Compiled from arXiv by Chenxi Liu et al., Heart of Machine.
In the past, neural network architectures were largely developed manually by human researchers, a time-consuming and error-prone process. Automatic neural architecture search (NAS) technology liberates human work and improves model efficiency. In large-scale image classification, automated models have surpassed those designed by humans.
Auto-deeplab, proposed by Fei-Fei Li and his colleagues at Stanford University, outperforms many of the industry’s best models in image semantic segmentation, and even achieves the performance of pre-trained models without pre-training. Auto-deep AB develops continuous relaxation of discrete architectures that perfectly match the hierarchical architecture search space, significantly improving the efficiency of architecture search and reducing computing power requirements.
Deep neural networks have been successful in many ARTIFICIAL intelligence tasks, including image recognition, speech recognition, machine translation and so on. Although better optimizers [36] and normalization techniques [32, 79] have played an important role, much of the progress is due to the design of neural network architectures. In computer vision, this applies to image classification and intensive image prediction.
More recently, with the democratization of AutoML and AI, there has been a great deal of interest in the architecture of automated design neural networks, which do not rely heavily on expert experience and knowledge. More importantly, last year, the Neural Architecture Search (NAS) succeeded in finding network architectures that surpass human design architectures in large-scale image classification tasks [92, 47, 61].

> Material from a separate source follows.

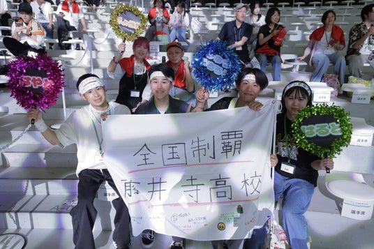 今回から新たに競技タイトルに採用された「ブロスタ部門」の初代王者に輝いたのは、大阪府立藤井寺高等学校「サウザンドラブ」。応援席から絶え間なく響いた同級生たちの声援を力に見事優勝を果たし、インタビューでは「最高の青春になりました!」と喜びを語りました。

Image classification is a good starting point for NAS because it is the most basic and well-studied advanced recognition task. In addition, the presence of relatively small benchmark data sets (e.g., CIFAR-10) in the research area reduces computation and speeds up training. However, image classification should not be the end of NAS, and the current success suggests that it can be extended to even more demanding areas. In this paper, we study neural architecture search for semantic image segmentation. This is an important computer vision task that assigns labels, such as “person” or “bicycle,” to each pixel of an input image.

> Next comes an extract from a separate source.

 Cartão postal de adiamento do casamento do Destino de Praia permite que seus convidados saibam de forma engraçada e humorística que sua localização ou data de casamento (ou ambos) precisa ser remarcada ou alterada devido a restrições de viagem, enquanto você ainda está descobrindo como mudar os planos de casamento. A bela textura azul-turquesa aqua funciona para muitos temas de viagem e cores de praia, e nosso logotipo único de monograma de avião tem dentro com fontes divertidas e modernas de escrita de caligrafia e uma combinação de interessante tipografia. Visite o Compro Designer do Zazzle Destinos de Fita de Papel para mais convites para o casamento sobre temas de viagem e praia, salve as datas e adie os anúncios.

Simply transplanting image classification is not enough for semantic segmentation. In image classification, NAS usually uses transfer learning from low resolution images to high resolution images [92], while the optimal framework for semantic segmentation must operate on high resolution images. This suggests that this study needs :(1) a more relaxed and generic search space to capture architectural variants resulting from higher resolution; (2) More efficient architecture search technology, because higher resolution requires more computation.
The author notes that modern CNN designs generally follow a two-level hierarchical structure, in which the outer network controls changes in spatial resolution and the inner cell level architecture manages specific hierarchical computing. The vast majority of current research on NAS follows this two-level, hierarchical design, but only automates the search for the inner network and manually designs the outer network. This limited search space is a problem for dense image prediction, which is sensitive to changes in spatial resolution. Therefore, in this study, the author proposes a lattice network-level search space, which can enhance the common unit-level search space first proposed in [92] to form a hierarchical architecture search space. The goal of this study is to jointly learn a good combination of repeatable unit structure and network structure for semantic image segmentation.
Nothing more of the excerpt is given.